Уилл Грейсон, Уилл Грейсон - Джон Грин
Шрифт:
Интервал:
Закладка:
тайни хлопает меня по плечу. наверное, он хотел легонько, но мне кажется, что мне в руку только что въехал «фольксваген».
я веду его к себе и даже произношу «та-да!», открыв дверь. тайни встает в центре комнаты и осматривает все вокруг, непрестанно улыбаясь.
тайни: золотые рыбки!
он идет прямиком к аквариуму. я признаюсь, что если золотые рыбки когда-нибудь захватят мир и решат устроить военный трибунал, то меня ждет петля, потому что уровень смертности в моем маленьком аквариуме куда выше, чем если бы они жили во рве с водой возле какого-нибудь китайского ресторана.
тайни: а как их зовут?
о, боже.
я: самсон и далила.
тайни: правда?
я: она реальная стерва.
он наклоняется к баночкам с их кормом.
тайни: ты их таблетками кормишь?
я: ой, нет. это мои.
единственный вариант, чтобы я не забыл и рыбкам дать корм, и таблетки выпить – держать то и другое вместе. но я все же задумываюсь, не следовало ли убирать потщательнее. тайни теперь, разумеется, покраснел, и он ничего больше не спросит, а я хотя и не хочу вдаваться в подробности, но и не хочу, чтобы он думал, будто я лечусь от чесотки или типа того.
я: это от депрессии.
тайни: о, у меня она тоже бывает. иногда.
мы опасно близко подошли к разговору, какой у меня уже был с маурой. она заявила, что знает, каково депрессовать, а мне пришлось объяснять что нет, не знает, потому что ее печаль такой глубины никогда не достигает. я не сомневаюсь, что и тайни считает, что у него бывает депрессия, но это, наверное, потому, что ему сравнивать не с чем. но что я могу сказать? что я не просто приунываю, нет, депрессия – это основа моей жизни, всего меня, от мозга до костей? что если у него на душе тоска зеленая, то у меня – беспросветный мрак? и что я люто ненавижу эти таблетки, потому что моя жизнь слишком от них зависит?
нет, такого я сказать не мог. потому что на самом деле никто об этом слышать не хочет. даже если ты человеку нравишься, даже если тебя любят, такое люди предпочитают не знать.
тайни: а кто из них самсон, а кто далила?
я: если честно, я забыл.
потом он рассматривает книжки на полке, проводит рукой по клавиатуре, вращает глобус, который мне подарили после окончания пятого класса.
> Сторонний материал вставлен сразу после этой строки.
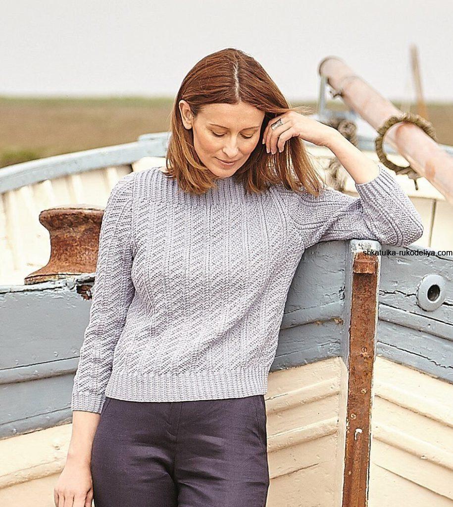 Пуловер с вырезом «лодочка» (Вязание спицами)

тайни: смотри-ка! кровать!
на миг мне кажется, что он сейчас на нее прыгнет, и она наверняка развалится. но он, улыбнувшись чуть ли не смущенно, осторожно садится на край.
тайни: удобная!
и как так вышло, что я встречаюсь с этим пончиком с яркой посыпкой? незлобно вздохнув, я усаживаюсь рядом. матрас прогнулся под тайни ущельем, разумеется.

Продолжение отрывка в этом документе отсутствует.